◆ **Material for this exercise**:
+ + + + +

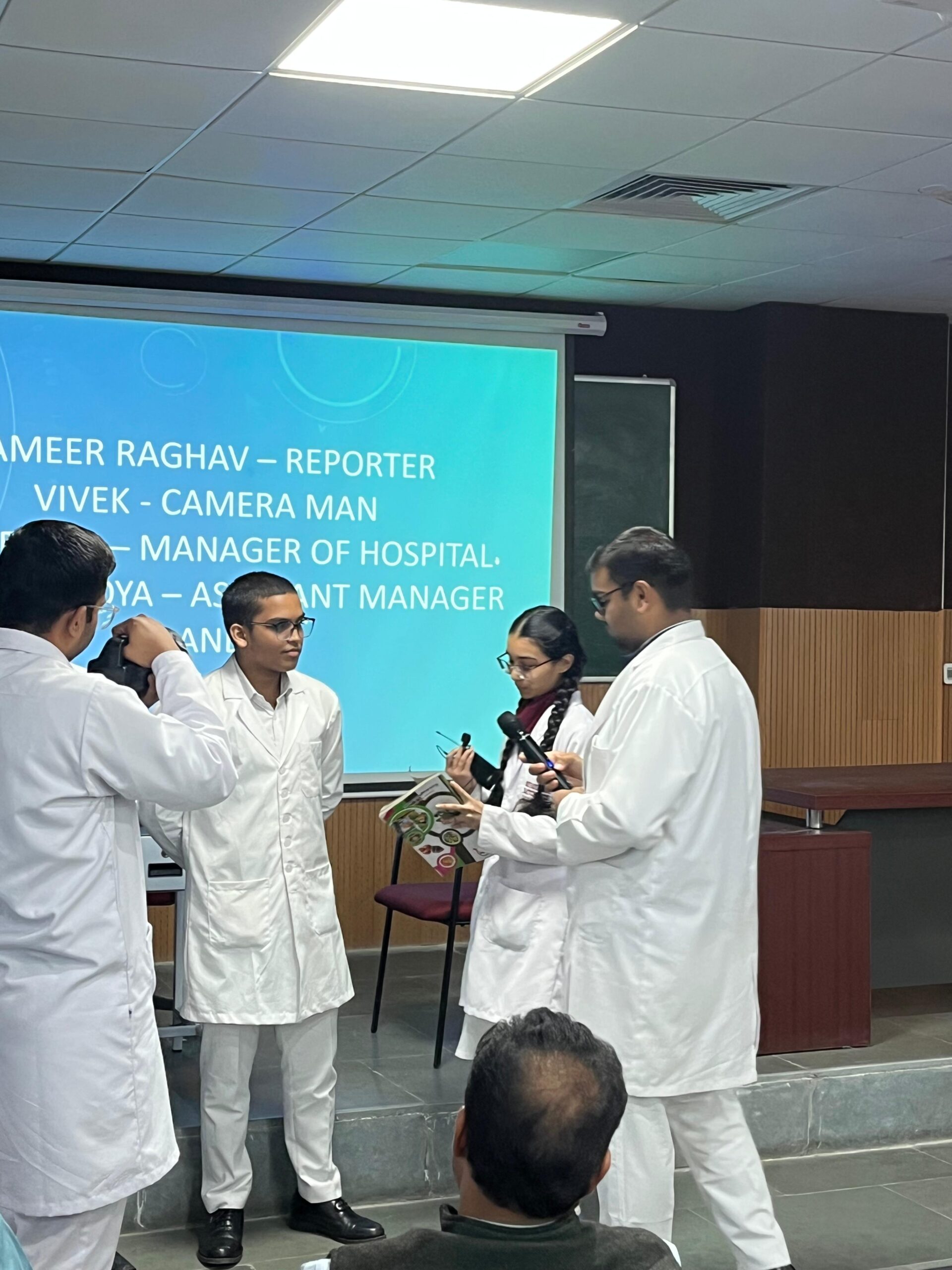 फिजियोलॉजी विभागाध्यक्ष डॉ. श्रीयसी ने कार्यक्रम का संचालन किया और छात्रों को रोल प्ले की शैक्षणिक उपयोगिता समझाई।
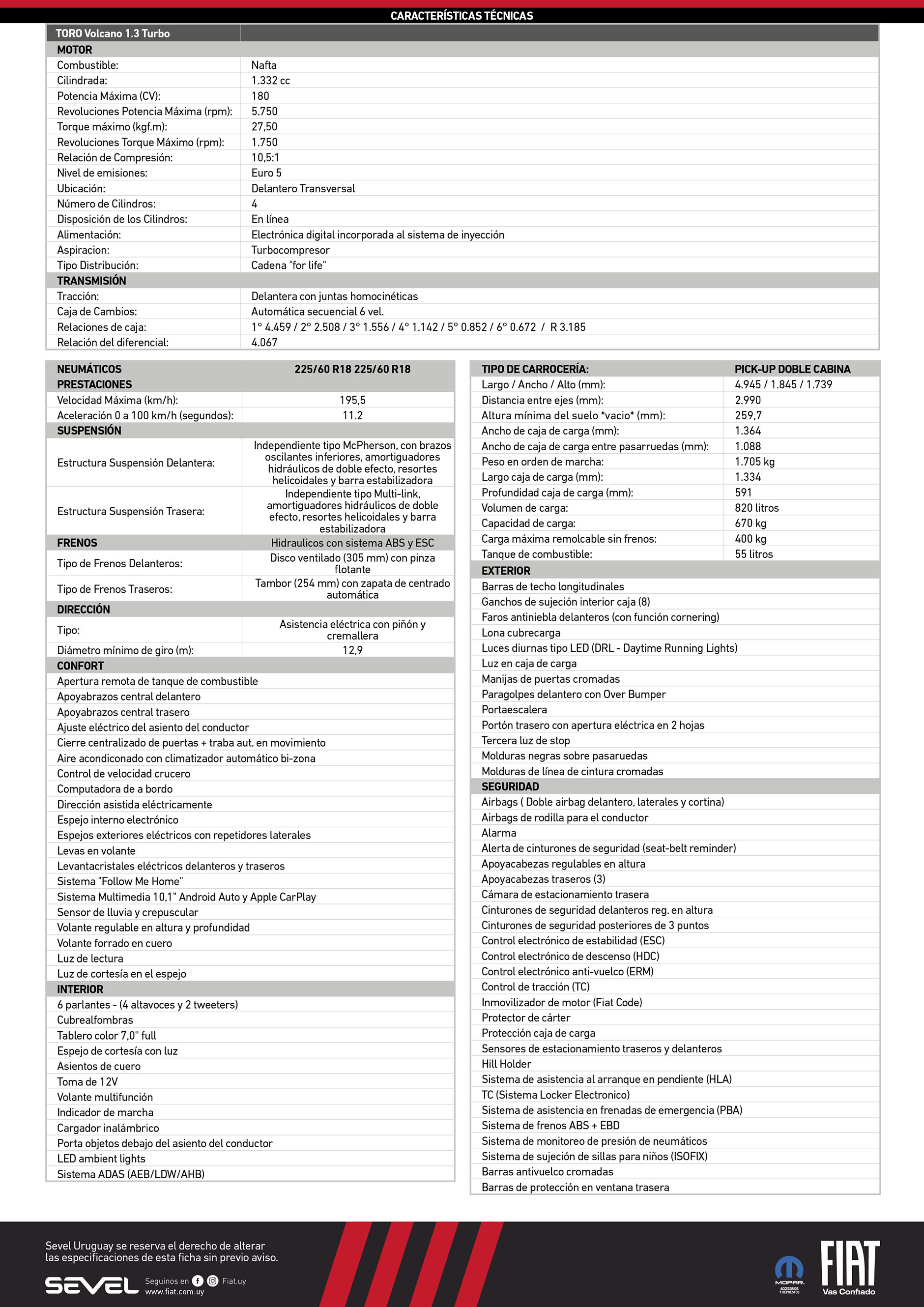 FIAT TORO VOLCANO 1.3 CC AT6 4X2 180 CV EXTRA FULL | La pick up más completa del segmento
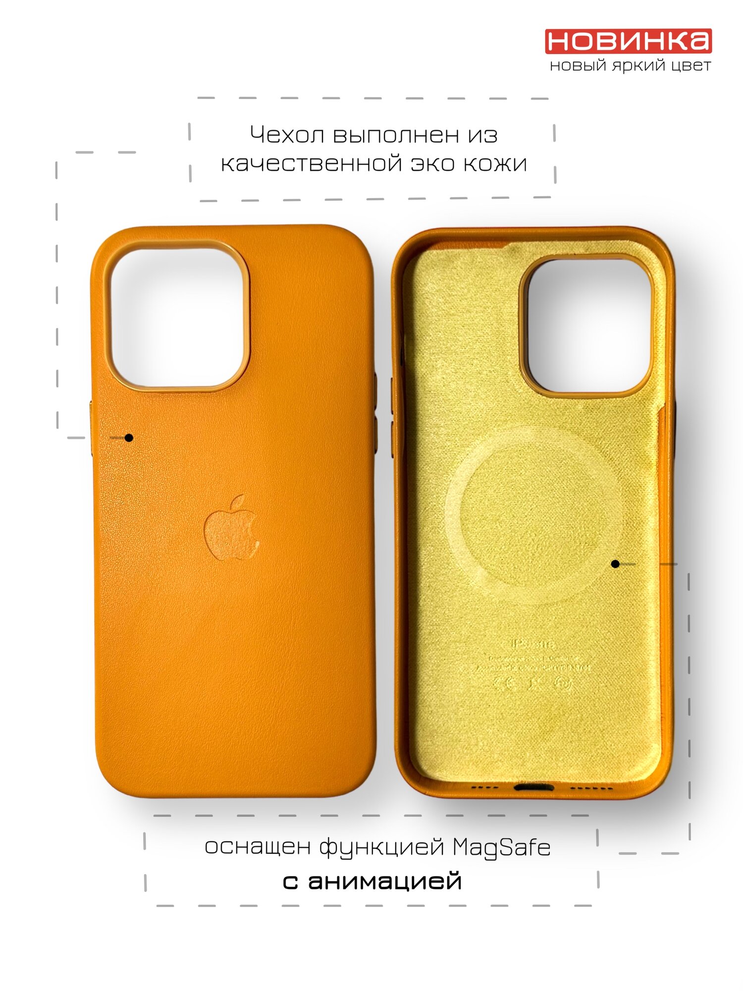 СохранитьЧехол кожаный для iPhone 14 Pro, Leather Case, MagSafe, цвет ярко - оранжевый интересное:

+ + + + +

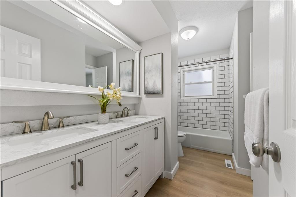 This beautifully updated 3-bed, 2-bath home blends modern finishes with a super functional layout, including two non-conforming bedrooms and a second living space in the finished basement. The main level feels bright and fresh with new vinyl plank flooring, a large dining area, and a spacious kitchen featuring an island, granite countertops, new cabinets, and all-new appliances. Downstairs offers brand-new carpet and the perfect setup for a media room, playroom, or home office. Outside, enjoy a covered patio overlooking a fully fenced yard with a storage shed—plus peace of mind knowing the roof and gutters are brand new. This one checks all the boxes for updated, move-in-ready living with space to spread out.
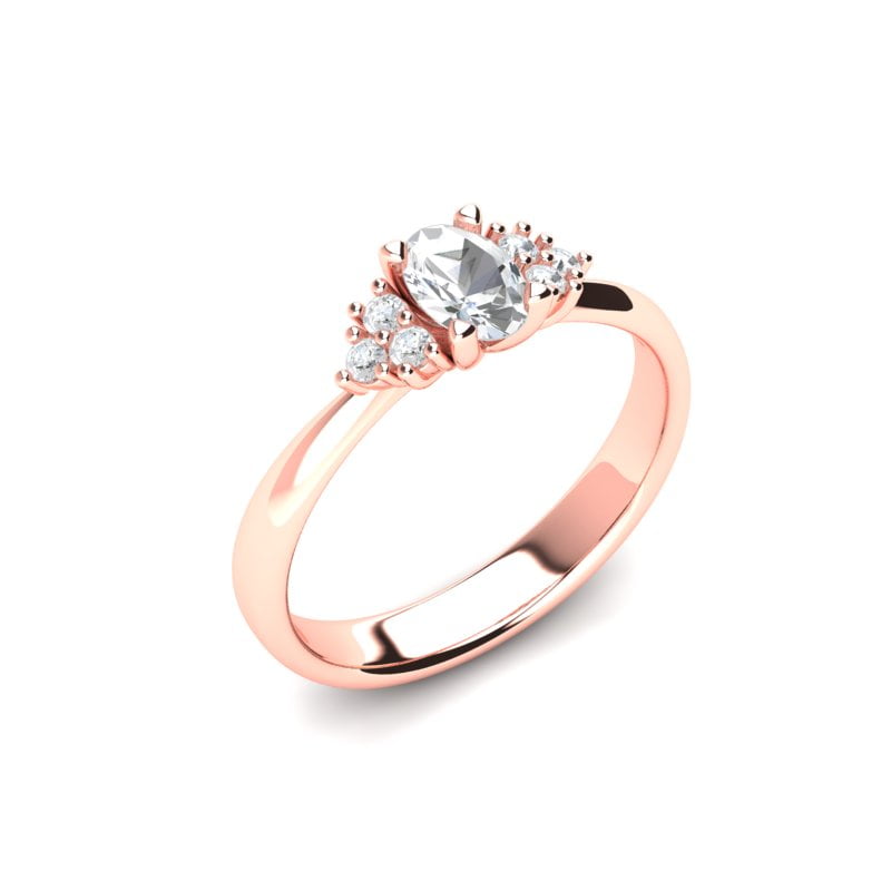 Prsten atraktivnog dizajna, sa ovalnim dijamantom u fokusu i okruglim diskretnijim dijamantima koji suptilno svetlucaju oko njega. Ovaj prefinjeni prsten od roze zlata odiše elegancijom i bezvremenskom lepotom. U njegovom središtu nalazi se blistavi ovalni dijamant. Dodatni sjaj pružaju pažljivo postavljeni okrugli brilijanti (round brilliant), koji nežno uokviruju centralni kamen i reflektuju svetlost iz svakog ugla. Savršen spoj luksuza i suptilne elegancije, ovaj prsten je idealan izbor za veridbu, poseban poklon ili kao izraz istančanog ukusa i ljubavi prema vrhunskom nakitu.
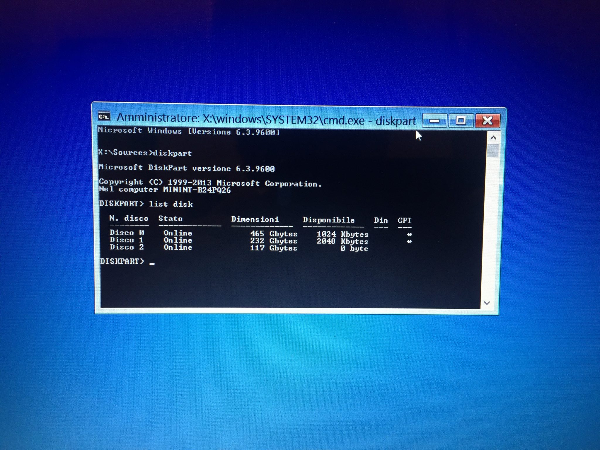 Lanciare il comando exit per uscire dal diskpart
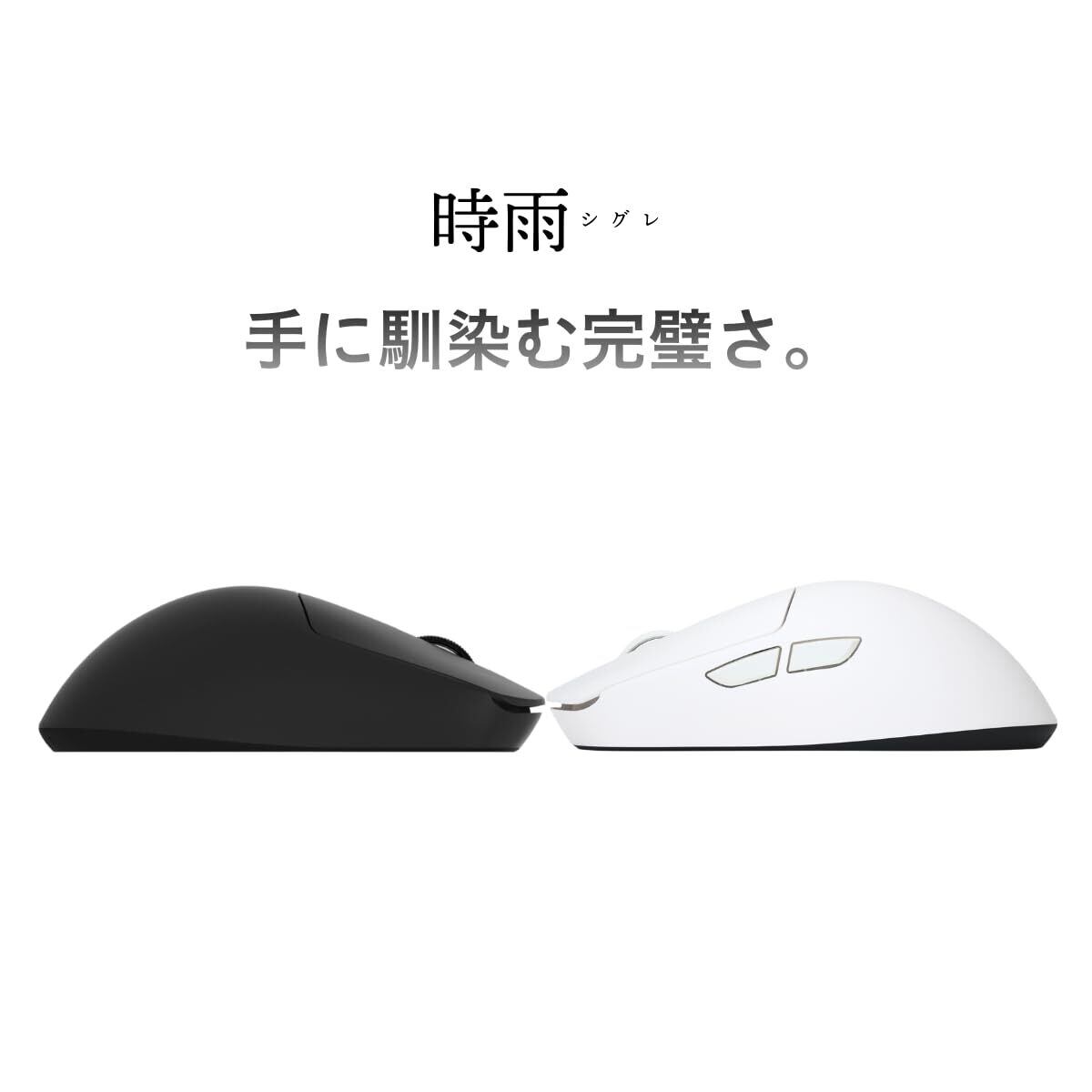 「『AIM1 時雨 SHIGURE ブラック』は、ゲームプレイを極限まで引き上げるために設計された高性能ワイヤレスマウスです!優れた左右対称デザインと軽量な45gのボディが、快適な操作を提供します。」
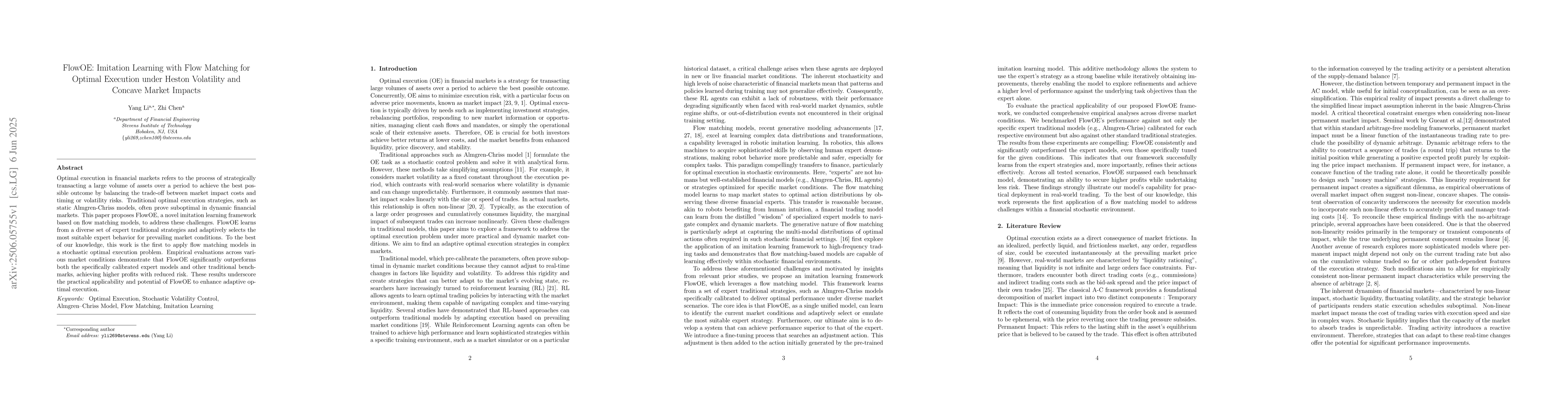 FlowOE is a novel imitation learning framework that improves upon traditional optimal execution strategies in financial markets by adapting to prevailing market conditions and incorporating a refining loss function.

+ + + + +

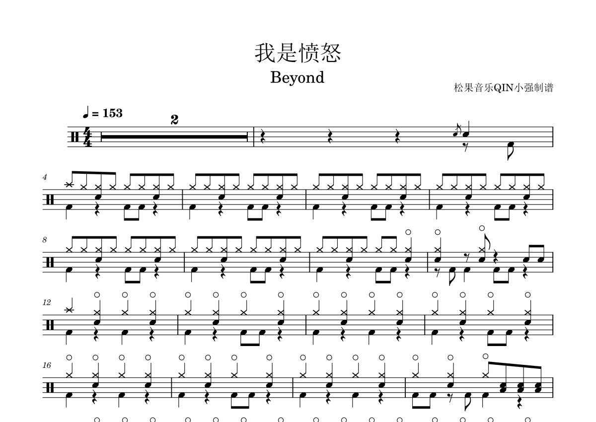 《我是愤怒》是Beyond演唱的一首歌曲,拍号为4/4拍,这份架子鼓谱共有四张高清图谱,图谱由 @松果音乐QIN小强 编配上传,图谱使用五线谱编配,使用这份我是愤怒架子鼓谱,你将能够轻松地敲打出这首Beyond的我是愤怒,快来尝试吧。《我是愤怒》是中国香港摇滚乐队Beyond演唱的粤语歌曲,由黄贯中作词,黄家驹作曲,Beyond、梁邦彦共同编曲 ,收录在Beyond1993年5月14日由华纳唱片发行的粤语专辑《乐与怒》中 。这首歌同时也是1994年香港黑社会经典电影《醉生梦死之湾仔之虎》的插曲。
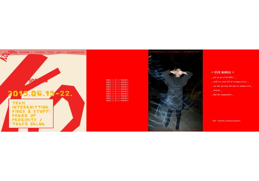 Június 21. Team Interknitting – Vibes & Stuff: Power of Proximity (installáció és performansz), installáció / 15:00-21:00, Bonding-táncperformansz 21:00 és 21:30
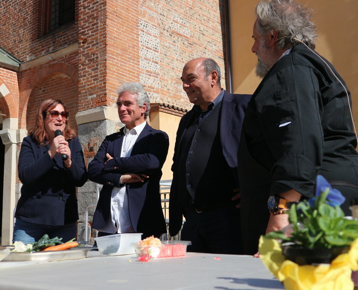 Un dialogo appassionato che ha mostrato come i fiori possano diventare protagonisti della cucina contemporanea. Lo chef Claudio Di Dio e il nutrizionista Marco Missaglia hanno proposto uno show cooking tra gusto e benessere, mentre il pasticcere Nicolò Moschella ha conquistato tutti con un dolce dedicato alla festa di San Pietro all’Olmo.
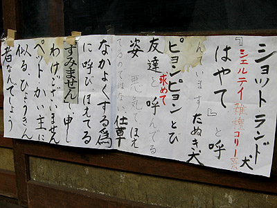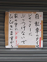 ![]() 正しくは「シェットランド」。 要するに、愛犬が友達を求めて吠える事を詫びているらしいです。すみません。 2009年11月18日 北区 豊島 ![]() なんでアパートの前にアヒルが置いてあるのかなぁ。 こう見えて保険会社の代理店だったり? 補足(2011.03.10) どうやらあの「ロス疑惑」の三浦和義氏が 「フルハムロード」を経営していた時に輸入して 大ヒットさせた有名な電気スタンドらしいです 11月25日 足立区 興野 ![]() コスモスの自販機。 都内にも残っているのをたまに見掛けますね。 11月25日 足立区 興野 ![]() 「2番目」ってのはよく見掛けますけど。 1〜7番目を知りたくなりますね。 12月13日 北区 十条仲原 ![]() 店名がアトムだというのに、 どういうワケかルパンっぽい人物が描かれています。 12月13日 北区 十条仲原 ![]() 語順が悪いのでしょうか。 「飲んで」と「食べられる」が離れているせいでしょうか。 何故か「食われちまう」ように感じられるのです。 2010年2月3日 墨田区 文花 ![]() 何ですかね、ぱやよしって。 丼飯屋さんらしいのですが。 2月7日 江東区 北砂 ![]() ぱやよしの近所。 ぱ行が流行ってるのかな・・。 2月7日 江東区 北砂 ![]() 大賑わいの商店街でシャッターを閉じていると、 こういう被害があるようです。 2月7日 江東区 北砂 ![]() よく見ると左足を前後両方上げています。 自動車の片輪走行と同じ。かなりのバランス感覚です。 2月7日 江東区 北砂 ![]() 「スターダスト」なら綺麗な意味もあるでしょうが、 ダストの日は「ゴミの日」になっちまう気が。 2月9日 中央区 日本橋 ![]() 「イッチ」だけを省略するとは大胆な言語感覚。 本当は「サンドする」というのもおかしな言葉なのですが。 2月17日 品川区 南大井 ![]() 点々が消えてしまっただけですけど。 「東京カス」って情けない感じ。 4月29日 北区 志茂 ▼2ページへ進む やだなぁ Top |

+ + + + +

◆ **Task instructions**:
Above are the records; return the lines in them from the one with "फिजियोलॉजी विभागाध्यक्ष डॉ." to the one with "СохранитьЧехол кожаный для", inclusive, exactly and without images.

◆ **Exercise answer**:
 फिजियोलॉजी विभागाध्यक्ष डॉ. श्रीयसी ने कार्यक्रम का संचालन किया और छात्रों को रोल प्ले की शैक्षणिक उपयोगिता समझाई।
 FIAT TORO VOLCANO 1.3 CC AT6 4X2 180 CV EXTRA FULL | La pick up más completa del segmento
 СохранитьЧехол кожаный для iPhone 14 Pro, Leather Case, MagSafe, цвет ярко - оранжевый интересное:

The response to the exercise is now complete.